**WHAT NEEDS TO BE DONE:**
Transcribe the records below in their entirety, and leave out each image.
┄┄┄┄┄┄┄┄┄┄┄┄┄┄┄┄┄┄┄┄
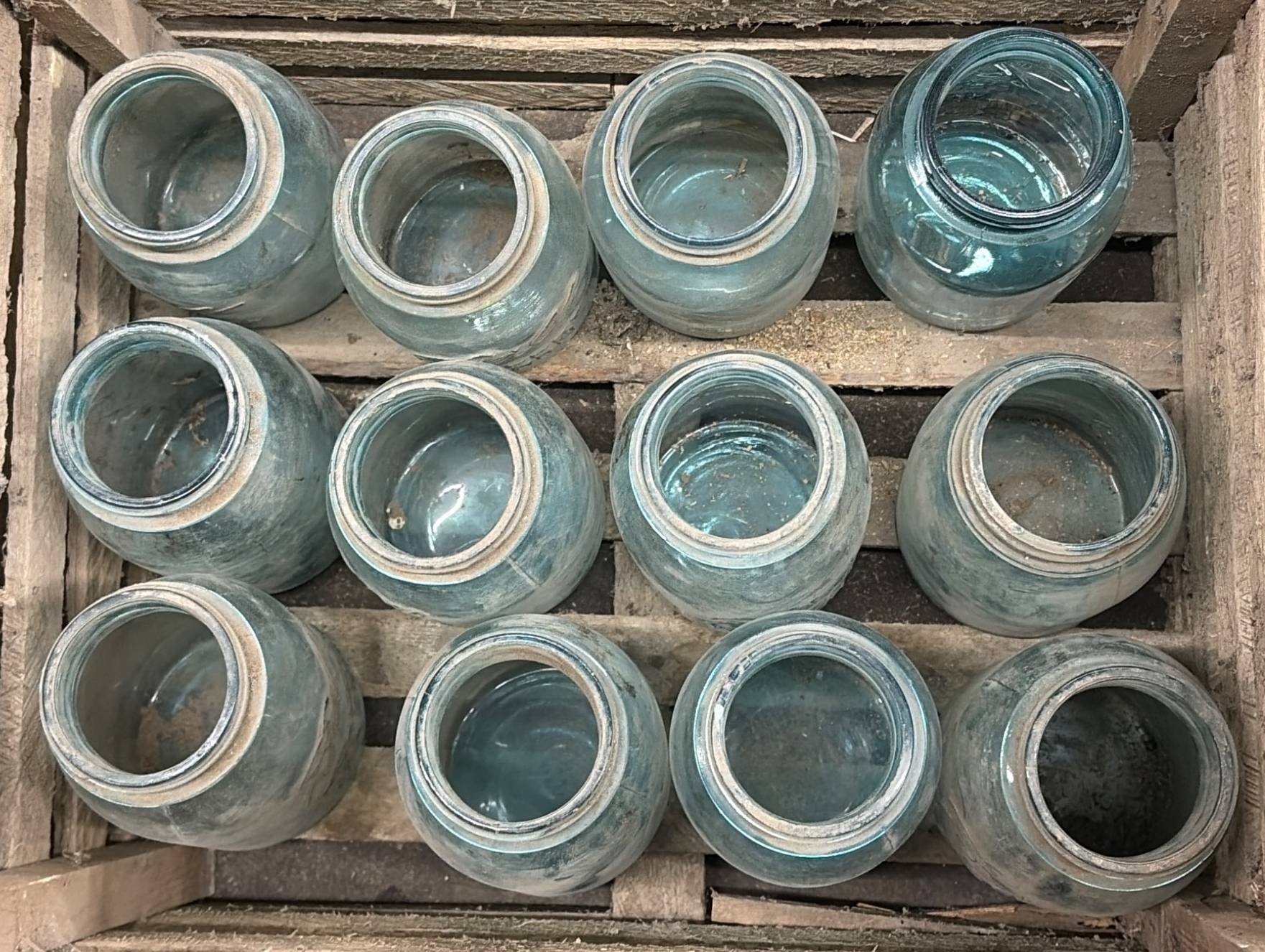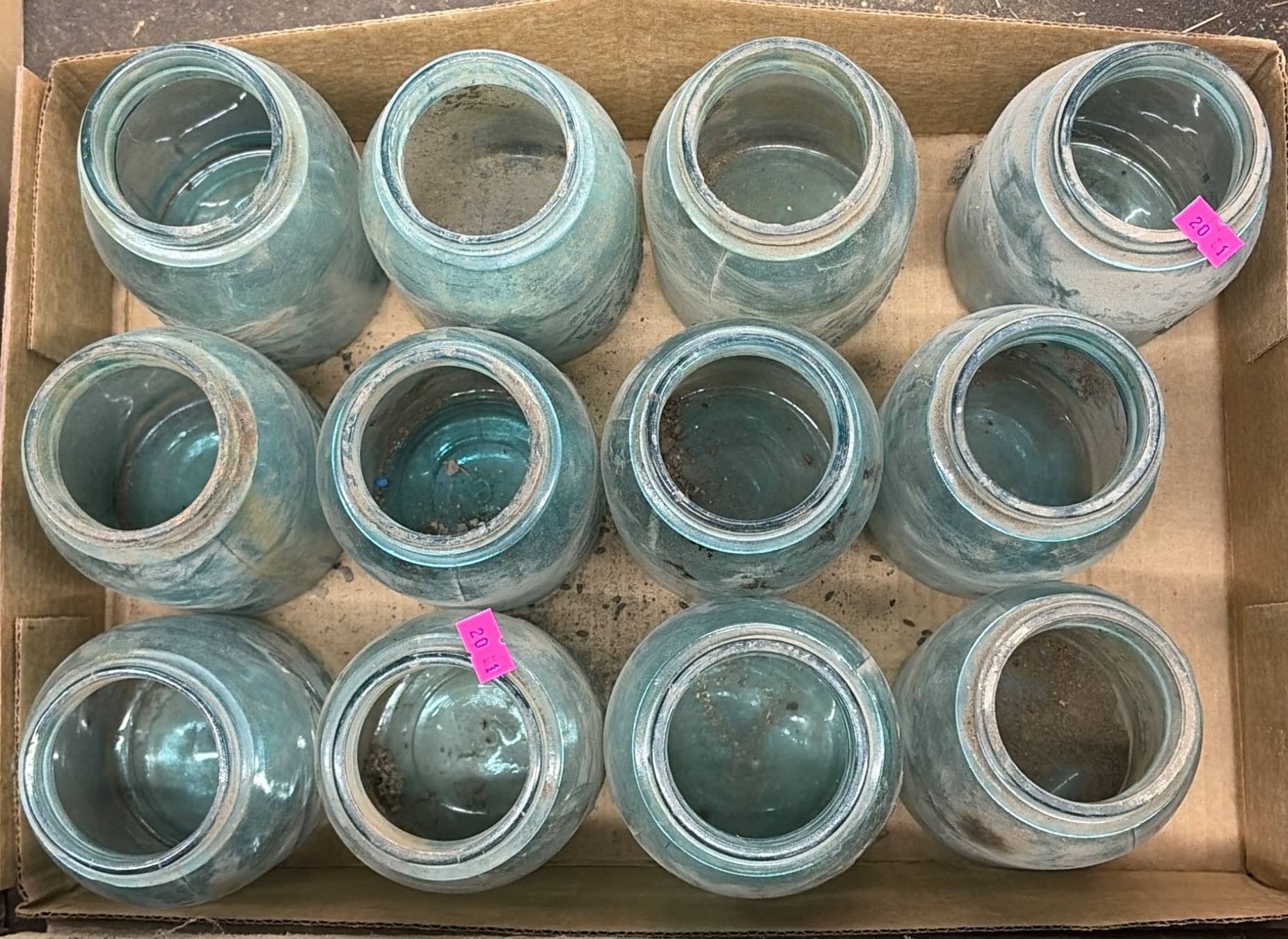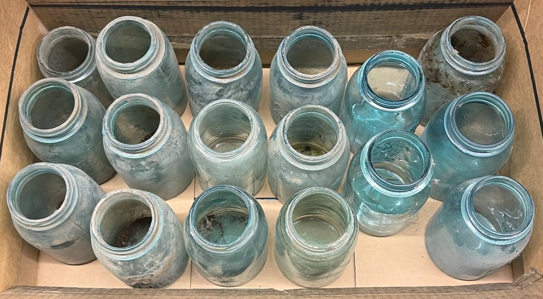 18 17 Ball Glass Jars in Aqua Blue, Quart & Pint Size
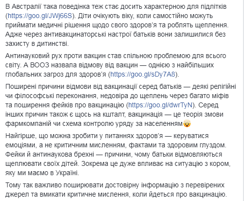 "Распространенные причины отказа от вакцинации среди родителей - некоторые религиозные или философские убеждения, недоверие к прививкам много мифов и распространение фейков о вакцинации. Среди других причин также является то, что вроде, вакцинация - это теория заговора фармкомпаний или схема контроля правительства за населением", - говорится в опубликованном сообщении и.о. министра здравоохранения.
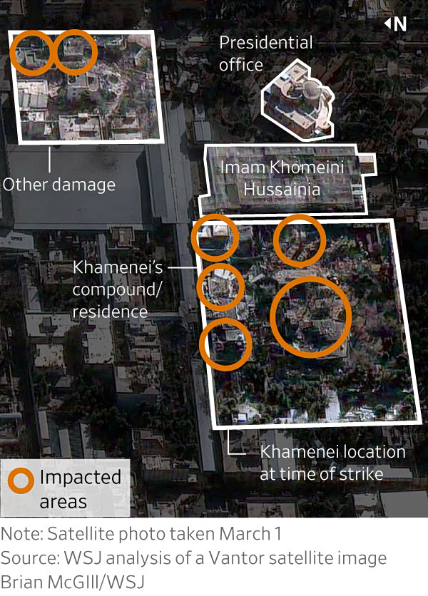 Khamenei was above ground at his residence with his family during the strikes. Satellite imagery shows that area sustained the most visible damage.
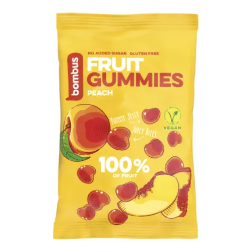 Neodolatelné broskvové gummies vás dostanou svou vůní a svěží ovocnou chutí! Obsahují 100 % ovocné složky a šťávu z černé mrkve. Jsou bez přidaného cukru, barviv a konzervantů a jsou zdravou alternativou přeslazených cukrovinek.
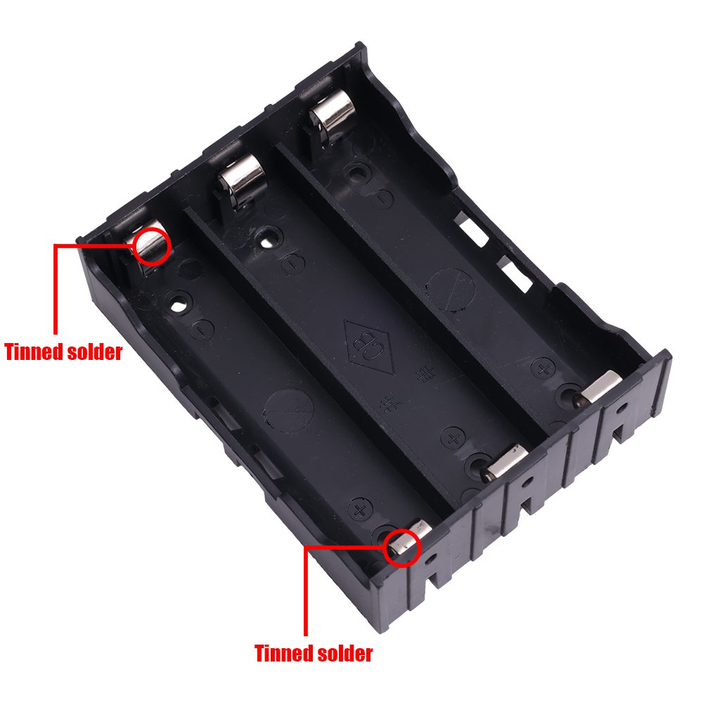 Он может вместить батареи стандартного размера, одноразовые или перезаряжаемые, а жесткие контакты легко припаять и прикреплять. Вмещает 1/2/3/4 3,7 V * N аккумуляторных батарей.
┄┄┄┄┄┄┄┄┄┄┄┄┄┄┄┄┄┄┄┄
**RESPONSE AREA:**
 18 17 Ball Glass Jars in Aqua Blue, Quart & Pint Size
 "Распространенные причины отказа от вакцинации среди родителей - некоторые религиозные или философские убеждения, недоверие к прививкам много мифов и распространение фейков о вакцинации. Среди других причин также является то, что вроде, вакцинация - это теория заговора фармкомпаний или схема контроля правительства за населением", - говорится в опубликованном сообщении и.о. министра здравоохранения.
 Khamenei was above ground at his residence with his family during the strikes. Satellite imagery shows that area sustained the most visible damage.
 Neodolatelné broskvové gummies vás dostanou svou vůní a svěží ovocnou chutí! Obsahují 100 % ovocné složky a šťávu z černé mrkve. Jsou bez přidaného cukru, barviv a konzervantů a jsou zdravou alternativou přeslazených cukrovinek.
 Он может вместить батареи стандартного размера, одноразовые или перезаряжаемые, а жесткие контакты легко припаять и прикреплять. Вмещает 1/2/3/4 3,7 V * N аккумуляторных батарей.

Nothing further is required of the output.